When asked about the identity provider that they least trusted (Figure 2), the majority of users identified that Facebook as the least trusted (56.2%). This perhaps shows that users are becoming more educated in the understanding of trust and the way that organisations use the data gathered on individuals. Thus a provider which does not focus on identity provision, may have other reasons for proving identity, such as determining the services that they are gaining access to, so as to push relevant advertising material to them. It can also be seen from Figure 2 that Twitter and Linkedin score highly on the least amounts of trust in identity provision, which could point to recent security problems within their infrastructure, where passwords have been compromised.
It is thus a changing landscape of trust, and it can often end up being a 1:1 relationship that users have with their trusted organisations, and which can change quickly depending on changes in the environment. If trust is comprised at any time, citizens have the power to move their information to other sources. Thus if I citizen feels that their information is being used incorrectly, they can move it to sources that they trust more. A compromise in this, as has been highlighted in within the PRISM debate, can have serious consequences on the trust that citizens have in their Internet services/providers.

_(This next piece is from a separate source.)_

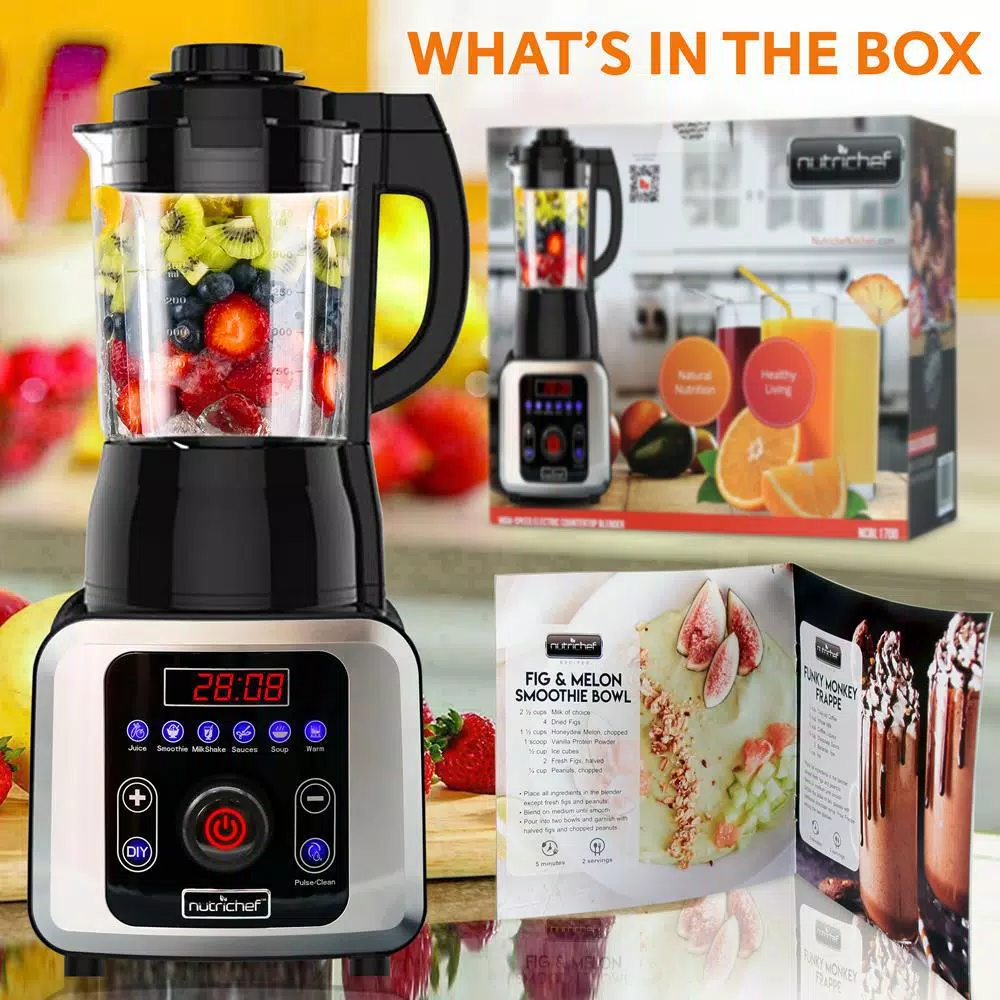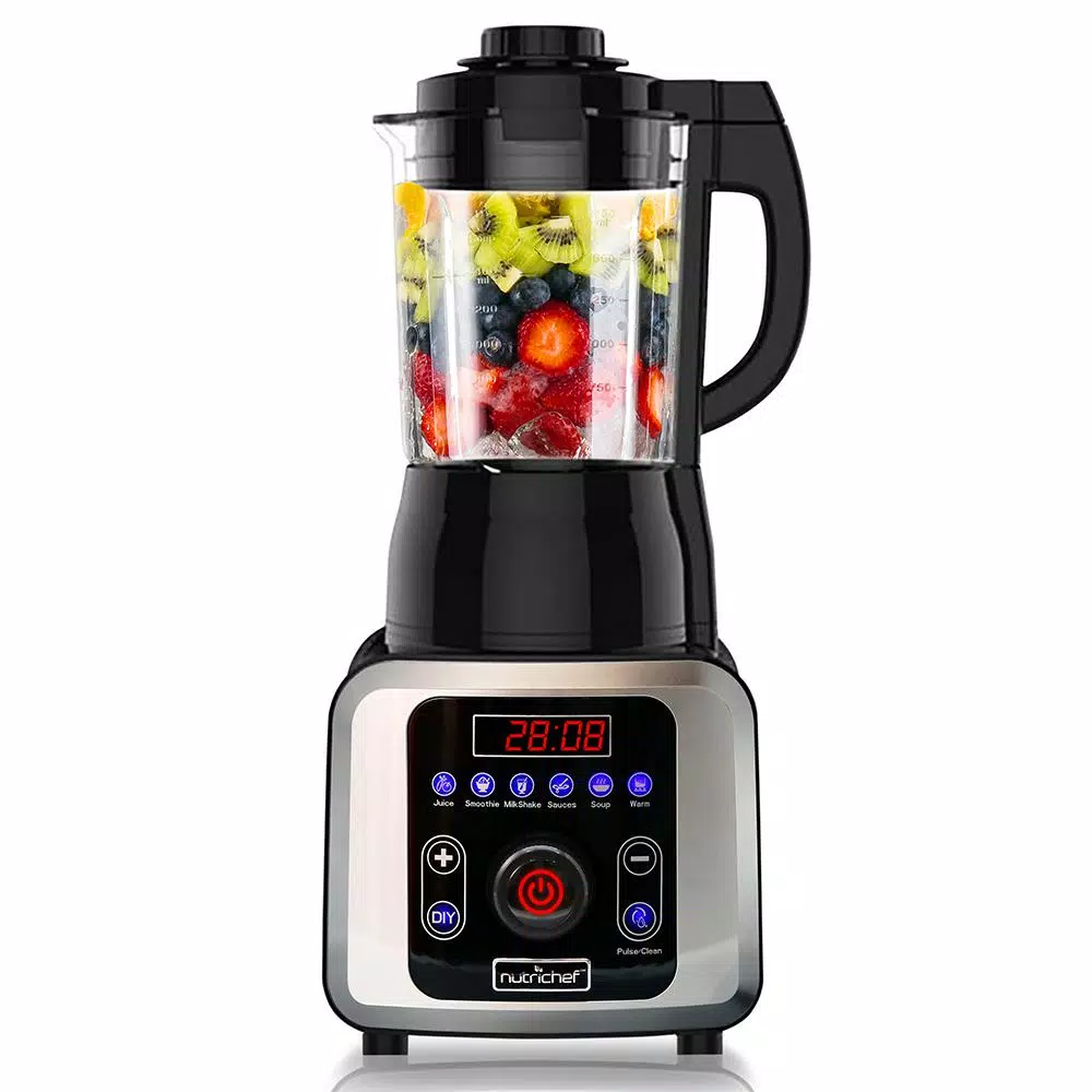 NutriChef was created on the principle that healthy home cooking should be attainable to all, regardless of skill level and economic status. Starting in 2014, we noticed the disconnect in our lives and in the lives of those around us. We were so busy, always rushing forward and our health and personal lives suffered. We needed to find some way to slow down and put our health first, all without sacrificing convenience or taste. Could we somehow create healthier versions of our favorite foods, easily in our own kitchens. The answer was a resounding yes and NutriChef was born. What’s in the Box: Electric Blender, Base Blend Container with Blade, Container Cover, Removable Lid Cap, Food Recipe Book. Technical Specs: High-Powered Blender Motor: 1000-Watt, Blend Speed Settings: Up 26,000 plus RPM, Adjustable Speed Control: 9 Speed Settings: Adjustable Blend Time Setting: Up to 99-Minutes, Adjustable Heat/Temperature Setting: 90°F to 210°F (32°C to 99°C), Blending Cup Capacity: 1400 ml/47 oz. (Hot Food) Blending Cup Capacity: 1750 ml/59 oz. (Cold Food) Noise Operating Level: 90 dB Construction Material: Clear Tritan Blend Container, Engineered ABS Housing, Power Cable Length: 3 ft. Power Supply: 120-Volt, Total Blender Size: 9.3 in. x 8.0 in. x 19.0 in.

We have open-up our information systems, and digital information can now easily flow across both organisational and physical boundaries. Indeed, the Pandora’s box has been opened, where information can be used for the good of society, such as where a child is at risk, where attendance records could be highlighted from one information source, and this then correlated with social care records on the child having bruises, and with a police record highlighting a threat of violence in the family. Within each of these, there many not be a significant risk, but by aggregating together, the risk is highlighted. Thus there are great opportunities in aggregating information across boundaries, but we need to be careful with it, in the same way that PRISM highlights the risk, in that a strong governance infrastructure is required, which defines exactly the information that is being accessed and on the organisations and roles which are used to define these accesses.
The researchers within Edinburgh Napier University have been working on this problem for the past five years, and now have managed to extract a definition of a trust infrastructure, and then define the overall governance of the systems using enforceable rules.